When you build a fire, you don’t start out with the biggest pieces of wood. The first thing you do is get kindling—the small bits that will catch faster. While that doesn’t make a large fire, it does allow you to add bigger pieces around it. After a while, you have a large blaze going that started from one little piece of kindling.

Don’t underestimate your relationships.

If someone in your niche is doing something similar to what you are doing, don’t shun them just because they’re not an influencer. Plenty of these kinds of relationships will allow you to start that fire in your relationship marketing that your brand needs to be visible in the future.

Relationship Marketing Connects Content

When you build relationships with people, you start to understand your readers’ desires and needs. Granted, these are two different things, and no one really needs to follow you on social media. They follow you because you fulfill a desire, and because they want to. Your posts are funny, informative, or help them in some way.

This is the emotion you want to adhere to when building a ministry with your brand. You want to cater to the desire in your readers. While we like to think of ourselves as logical people, the reality is that we’re more likely to respond to anything that triggers an emotional response.

When you understand your audience, you understand this simple fact as well. While you can post and promote your content until the cows come home, you have to think about the reader and what they will be getting out of it when it comes across their stream.

That connection is the basis of building a relationship foundation that keeps growing over time. Relationship marketing is the glue that holds everything together for your business, and it’s imperative that you understand what your reader wants, so you can connect them with your content every week.

In doing this, you have to make yourself available. You have to get down and dirty in the conversations that your target audience is having. It’s more about listening than talking at this point. When you listen, you get nuggets of information you can pass along to your Evernote, or wherever it is you write, so you can extract the gold from it later.

People want actionable content that helps them achieve their goals. They want to be able to take your content and put it to good use. In order to make that connection, you have to get to know the people.

The Final Thought

Content is the king, it lives in a kingdom of community, and if I had to make more playing card references, I would say that social media is the Queen that builds up the content.

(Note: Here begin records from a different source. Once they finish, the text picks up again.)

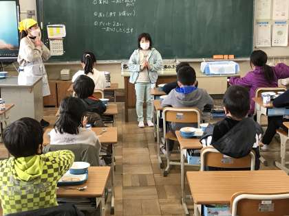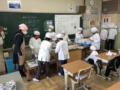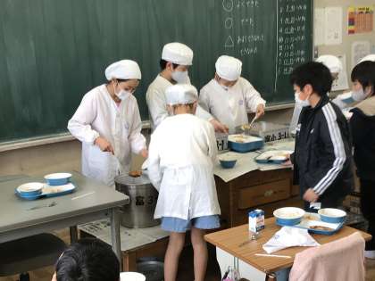 当番を中心に配膳する様子です。準備が整ったら挨拶をして黙食のスタートです。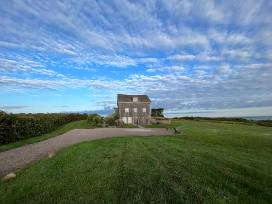 Fabulous direct waterfront Cooneymus Cottage w/central air, unparalleled ocean views looking West for the stunning Block Island sunsets! Five bedrooms, 2.5 baths, modernly furnished with gourmet kitchen and lots of outside patio space to have memorable family meals. 1 King, 2 Queen, 1 double twin upstairs, and 1 double twin lower. Nice large, open backyard. Path off backyard goes to Cooneymus Beach!
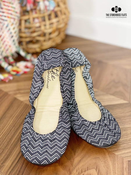 Intricate detail on these gorgeous shoes. Black Suede base showcasing a white chevron pattern made up of tiny dots. Don’t miss this classic print.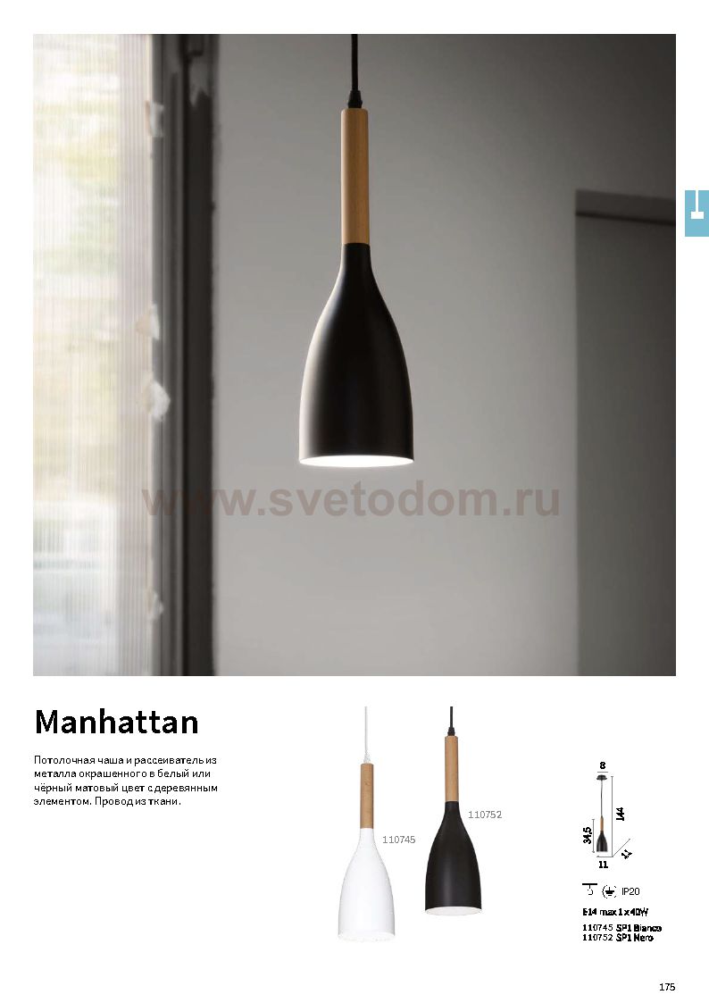 Подвесной светильник от известной итальянской фабрики Ideal lux из каталога Moderno в современном стиле под артикулом MANHATTAN SP1 BIANCO (110745) серии MANHATTAN имеет ряд отличительных характеристик: Потолочная чаша и рассеиватель из 8 металла окрашенного в белый или чёрный матовый цвет с деревянным элементом. Провод из ткани.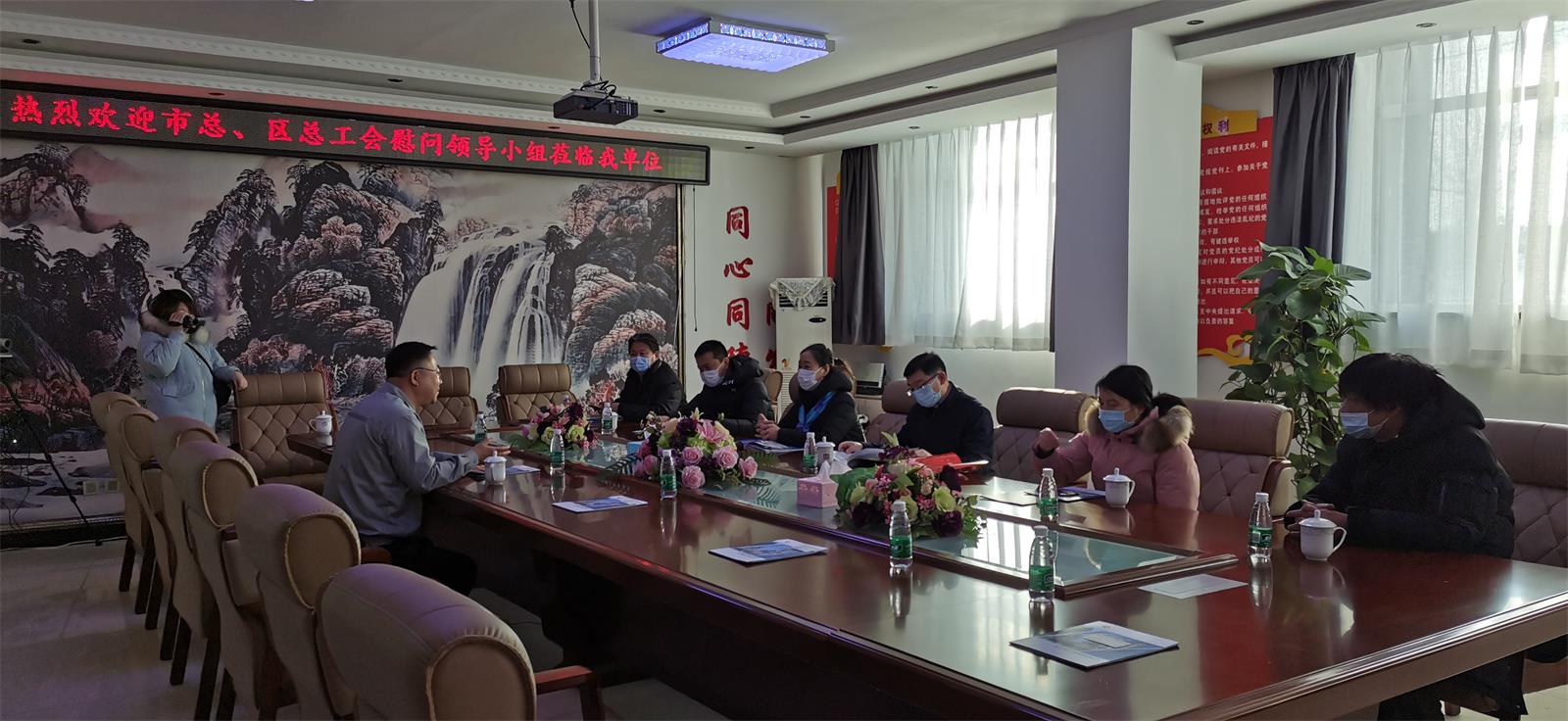 張主席聽完匯報后,首先肯定了我企業工會的日常工作,以及疫情爆發之初,我企業向社會作出的突出貢獻,并向我企業工會撥入送溫暖資金5萬元。最后,張主席還意味深長地說:感謝我企業在本行業的堅守,在本市的堅守。馬書記還在春節即將來臨之際,為企業贈送了春節對聯。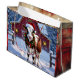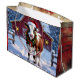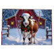 Weihnachtsgeschenktüte im Landhausstil mit einer Darstellung einer festlichen Kuh in einer Weihnachtsmannmütze, stehend vor einer prächtigen roten Scheune, die in Weihnachtsbeleuchtung dekoriert ist, und einem festlichen Kranz an einem schneebedeckten Wintertag. Die Rückseite ist ein Hintergrund oder rustikalen Stallholz.

But after four years of doing this, one thing I have learned for certain is that relationship marketing rules the roost. It is the top card and one that you will always want to have in your deck of strategies.

Take some time everyday to communicate and engage with people, let them understand your message, and let them become close to you. In doing this, you will eventually be invited to become close to them.

It’s about helping and servitude. Don’t expect the seed of relationships to blossom overnight. Your content and kingdom will have to wait. But when you do put all of your energy into building these relationships, you will start to see the kingdom of your content and brand message grow and grow.